## Action item:
The reply is a verbatim copy of the listing below with its images dropped.

## Available data:

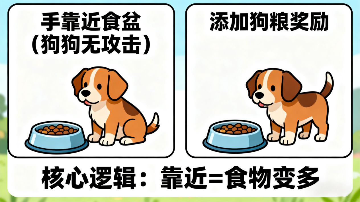护食纠正:喂食时蹲在狗狗身边,待其吃至半饱,用手捏少量狗粮缓慢靠近食盆,若狗狗无攻击反应就放入食物,让它明白 “有人靠近 = 食物变多”,每天训练 3 次,3-5 天可见效。
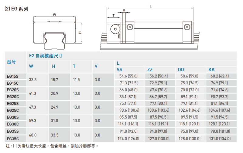 上银EG系列自润式综合好色规格尺寸表
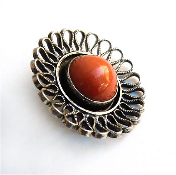 Silberne Brosche mit Koralle
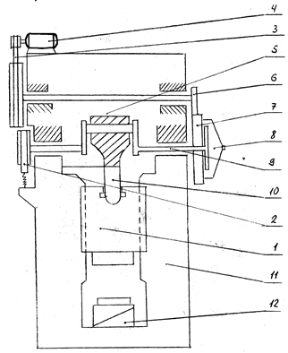 Кинематическая схема КГШП Рисунок 1 1- Ползун; 2- Тормоз 3- Шкив 4- Электродвигатель 5- Приёмный вал 6- Малое зубчатое колесо 7- Большое зубчатое колесо 8- Пневматическая функциональная дисковая муфта 9- Кривошипный вал 10- Шатун 11- Стол пресса 12- Клин Штамповка на кривошипных горячештамповочных прессах КГШП изготовляют усилием 5-10 мм. Они успешно заменяют и во многих случаях по технологическим возможностям превосходят паро-воздушные штамповочные молоты с массой подающих частей до 10 тонн. КГШП характерно то, что усилие, возникающее при штамповке, воспринимается массивной станиной. На станине пресса установлен электродвигатель. На его валу закреплён шкив, от которого крутящий момент через клиноременную передачу передаётся маховику, закреплённому на приёмном валу. На другом конце этого вала насажана малое зубчатое колесо, находящееся в зацеплении с большим зубчатым колесом со встроенной в него пневматической муфтой включения. Большое зубчатое колесо с муфтой расположено на коленчатом валу, который при вращении приводит в движение шатун с ползуном в направляющие стороны. Для остановки вращения кривошипного вала после включения муфты служит тормоз. Стол пресса, установленный на наклонной поверхности, может перемещаться клином и тем самым в незначительных пределах регулировать высоту штамповочного пространства. Для обеспечения удаления поковки из штампа пресса имеется выключатели в столе и ползуне. Выталкиватели срабатывают при ходе ползуна вверх. Остановка моховика производится тормозом при включенном электродвигателе. В отличии от молотов прессы имеют жёсткий график движения ползуна, полный ход которого вверх и вниз одинаков и равен удвоенному радиусу кривошипа. В связи с этим при многоручьевой штамповке невозможно применить протяжной, подкатной, отрубной ручьи. Поковки, требующие использования указанных ручьёв штампуют на КГШП из заготовок периодического проката или предварительно фасонированных на ковочных пальцах. Скорость ползуна в момент соприкосновения верхней части штампа с заготовкой равна 0,3 – 0,8 м/с, то есть в несколько раз меньше скорости базы молота в момент удара. Так как деформация выполняется в каждом ручье за один ход пресса, заготовки должны быть чистыми от окалины во избежании порчи поверхности паковки. Постоянство величины хода ползуна, большая точность его движения в мощных регулируемых направляющих станины пресса, применение штампов с направляющими колонками и выталкивателями для принудительного удаления поковок обеспечивает большую точность изготовления поковок, с меньшими штамповочными уклонами, припусками, допусками и расходом металла, чем при штамповке на молотах. Выталкиватели размещают в вертикальных отверстиях ручьевых вставок штампа. Во время штамповки рабочей поверхности выталкивателей составляют часть поверхности ручьёв. При обратном ходе ползуна специальный механизм в штампе, приводимый в действие от выталкивателя пресса, поднимает ручьевые выталкиватели, которые выбрасывают поковку из ручья. Для исключения заклинивания и поломки пресса открытые штампы на КГШП не смыкаются на величину заусенца из-за отсутствия ударов служат больше молотовых. На КГШП используют штампы сборной конструкции с ручьевыми вставками, которые при износе заменяют. Наличие выталкивателей обес

## Response area:
护食纠正:喂食时蹲在狗狗身边,待其吃至半饱,用手捏少量狗粮缓慢靠近食盆,若狗狗无攻击反应就放入食物,让它明白 “有人靠近 = 食物变多”,每天训练 3 次,3-5 天可见效。
 上银EG系列自润式综合好色规格尺寸表
 Silberne Brosche mit Koralle
 Кинематическая схема КГШП Рисунок 1 1- Ползун; 2- Тормоз 3- Шкив 4- Электродвигатель 5- Приёмный вал 6- Малое зубчатое колесо 7- Большое зубчатое колесо 8- Пневматическая функциональная дисковая муфта 9- Кривошипный вал 10- Шатун 11- Стол пресса 12- Клин Штамповка на кривошипных горячештамповочных прессах КГШП изготовляют усилием 5-10 мм. Они успешно заменяют и во многих случаях по технологическим возможностям превосходят паро-воздушные штамповочные молоты с массой подающих частей до 10 тонн. КГШП характерно то, что усилие, возникающее при штамповке, воспринимается массивной станиной. На станине пресса установлен электродвигатель. На его валу закреплён шкив, от которого крутящий момент через клиноременную передачу передаётся маховику, закреплённому на приёмном валу. На другом конце этого вала насажана малое зубчатое колесо, находящееся в зацеплении с большим зубчатым колесом со встроенной в него пневматической муфтой включения. Большое зубчатое колесо с муфтой расположено на коленчатом валу, который при вращении приводит в движение шатун с ползуном в направляющие стороны. Для остановки вращения кривошипного вала после включения муфты служит тормоз. Стол пресса, установленный на наклонной поверхности, может перемещаться клином и тем самым в незначительных пределах регулировать высоту штамповочного пространства. Для обеспечения удаления поковки из штампа пресса имеется выключатели в столе и ползуне. Выталкиватели срабатывают при ходе ползуна вверх. Остановка моховика производится тормозом при включенном электродвигателе. В отличии от молотов прессы имеют жёсткий график движения ползуна, полный ход которого вверх и вниз одинаков и равен удвоенному радиусу кривошипа. В связи с этим при многоручьевой штамповке невозможно применить протяжной, подкатной, отрубной ручьи. Поковки, требующие использования указанных ручьёв штампуют на КГШП из заготовок периодического проката или предварительно фасонированных на ковочных пальцах. Скорость ползуна в момент соприкосновения верхней части штампа с заготовкой равна 0,3 – 0,8 м/с, то есть в несколько раз меньше скорости базы молота в момент удара. Так как деформация выполняется в каждом ручье за один ход пресса, заготовки должны быть чистыми от окалины во избежании порчи поверхности паковки. Постоянство величины хода ползуна, большая точность его движения в мощных регулируемых направляющих станины пресса, применение штампов с направляющими колонками и выталкивателями для принудительного удаления поковок обеспечивает большую точность изготовления поковок, с меньшими штамповочными уклонами, припусками, допусками и расходом металла, чем при штамповке на молотах. Выталкиватели размещают в вертикальных отверстиях ручьевых вставок штампа. Во время штамповки рабочей поверхности выталкивателей составляют часть поверхности ручьёв. При обратном ходе ползуна специальный механизм в штампе, приводимый в действие от выталкивателя пресса, поднимает ручьевые выталкиватели, которые выбрасывают поковку из ручья. Для исключения заклинивания и поломки пресса открытые штампы на КГШП не смыкаются на величину заусенца из-за отсутствия ударов служат больше молотовых. На КГШП используют штампы сборной конструкции с ручьевыми вставками, которые при износе заменяют. Наличие выталкивателей обес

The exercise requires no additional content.